I get a strange behavior across repeated runs: each 100-second run is a
bit slower than the one preceding it, when run with SSI (SERIALIZABLE).
Switching to SI (REPEATABLE_READ) removes the problem, so it's
apparently not due to the database growing. The database is completely
shut down (pg_ctl stop) between runs, but the data lives in tmpfs, so
there's no I/O problem here. 64GB RAM, so no paging, either.

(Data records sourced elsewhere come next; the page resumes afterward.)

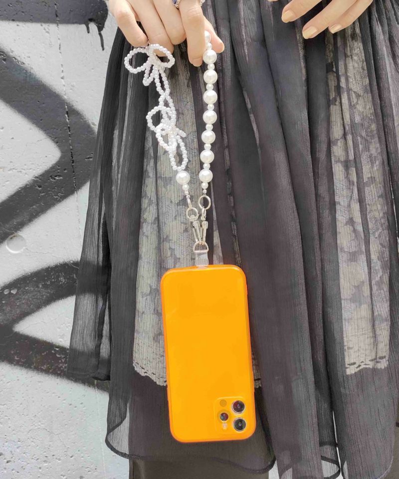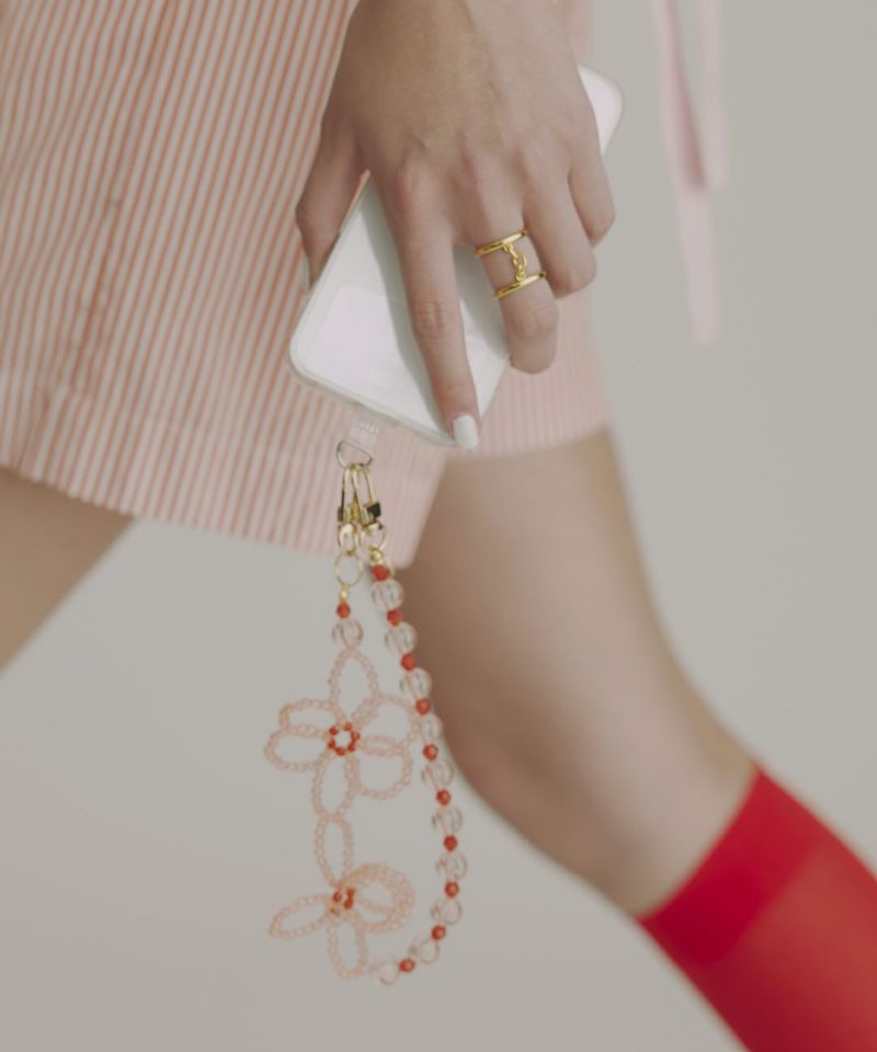 お花型に編んだビーズが可愛い、存在感のあるルックスで、手首に通すだけでワンポイントになるアイテム。 両手がふさがらずいつでもサッとスマホが操作が可能に。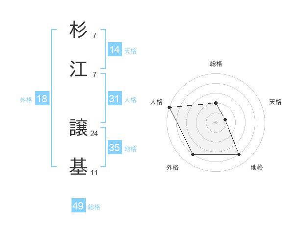 杉江 譲基さんを姓名の画数から五運を鑑定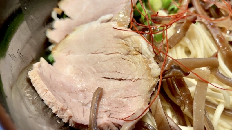 とってもしっとりした歯応えで柔らかいスポンジ感ある豚もも肉。出汁がサラサラしており、加えて野趣感が抑えめだから、妙に出汁との相性良いです。豚骨エキスを吸い込んでも肉本来の旨味がしっかり楽しめる。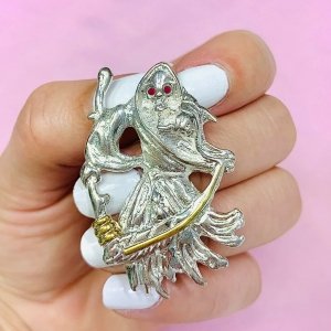 Dije San la muerte con piedras Rubi de Plata y Oro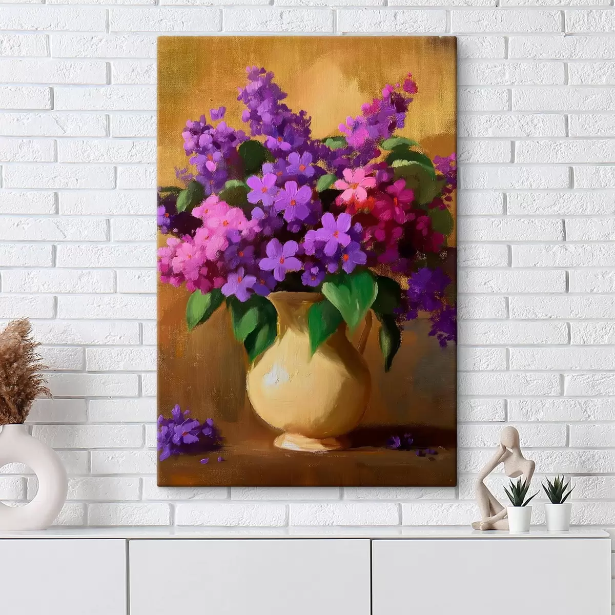 Vászonkép Lila-rózsaszín virágok sárga kancsóban Nr s41822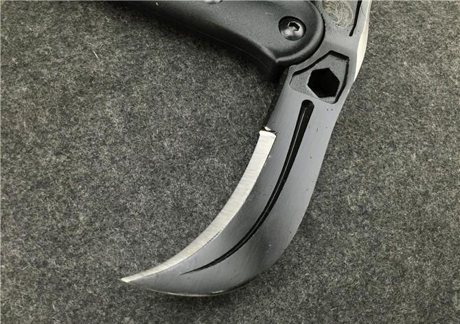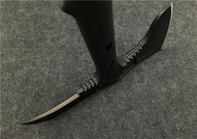全长:39CM 刃长:11.5CM和7.5CM 柄长:37CM 刃厚:1.5CM 刃宽:21.5CM 刃材:精铸钢,全刃开锋 柄材:尼龙+玻璃纤维 硬度:56-57 毛重:980克(含尼龙袋、盒子) 表面:黑色 刀套:加厚尼龙(可绑在腰间)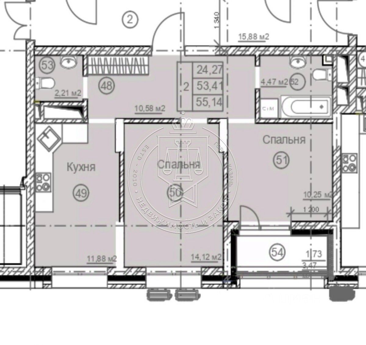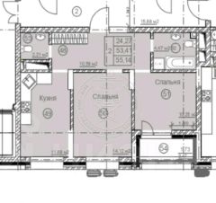 Общая площадь - 55,14 кв.м. ( с учетом лоджии)

Note that this slowdown is in addition to the 30% performance from using
SSI on my 24-core machine. I understand that the latter is a known
bottleneck; my question is why the bottleneck should get worse over time:

With SI, I get ~4.4ktps, consistently.
With SSI, I get 3.9, 3.8, 3.4. 3.3, 3.1, 2.9, ...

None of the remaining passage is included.